Donald and Vivian Weilerstein returned after the interval with three Conservatory students to perform Franck's F-minor Piano Quintet. The piece is not played much today, perhaps because preparing it entails clambering laboriously through the dense, chromatic undergrowth of the texture and deciding what needs to be brought out (or rather what needs, judiciously, to be pruned).

The music is so overstuffed with material as to be exhausting both to play and to listen to. But it can be thrilling, too, if equipped with a thundering, barnstorming pianist. On Friday night it wasn't. Vivian Weilerstein struggled throughout, never suggesting the imperious persona the part demands, and leaving handfuls of missed notes in her wake.

It was left to the strings to make the performance, and they came surprisingly close to doing so. Donald Weilerstein, as leader, played more intensely than he had all evening. The second violinist, Joseph Meyer, had made a strong impression in November as the only student in a faculty-and-guest-artist performance of Dvorak's Piano Quintet op. 81. Here he was again a standout player, both technically brilliant and musically inventive.

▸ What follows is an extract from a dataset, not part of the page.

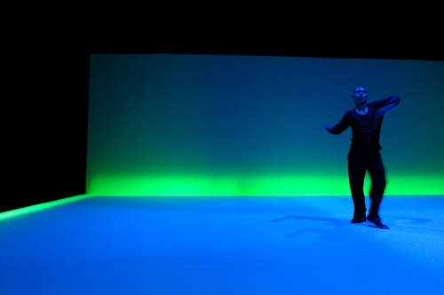 When Umeda starts Haptic , a solitary body in loose black clothes stands still in one spot upper stage right. With his feet glued to the floor, we sit ready for an outbreak of flow and vigor. But the artist rarely takes any steps, generally doesn't move from his spot, always faces the front and certainly shares no virtuosic jumps or turns. Instead, a tension builds which very slowly turns into an all encompassing quiver on one side of Umeda's body:his right arm and leg and jolt out in isolations that continue throughout the piece. These small random movements are reminiscent of a robot firing up and then powering down.

Randolph Fromme, the cellist, was also outstanding. His understated solidity and intelligence helped anchor a performance constantly in danger of derailment. Setareh Beheshti was the lean-toned and rather cautious violist in this mixed performance that rather typified the evening.

(Michelle Dulak is a violinist and violist who has written about music for "Strings," "Stagebill," "Early Music America" and The New York Times.)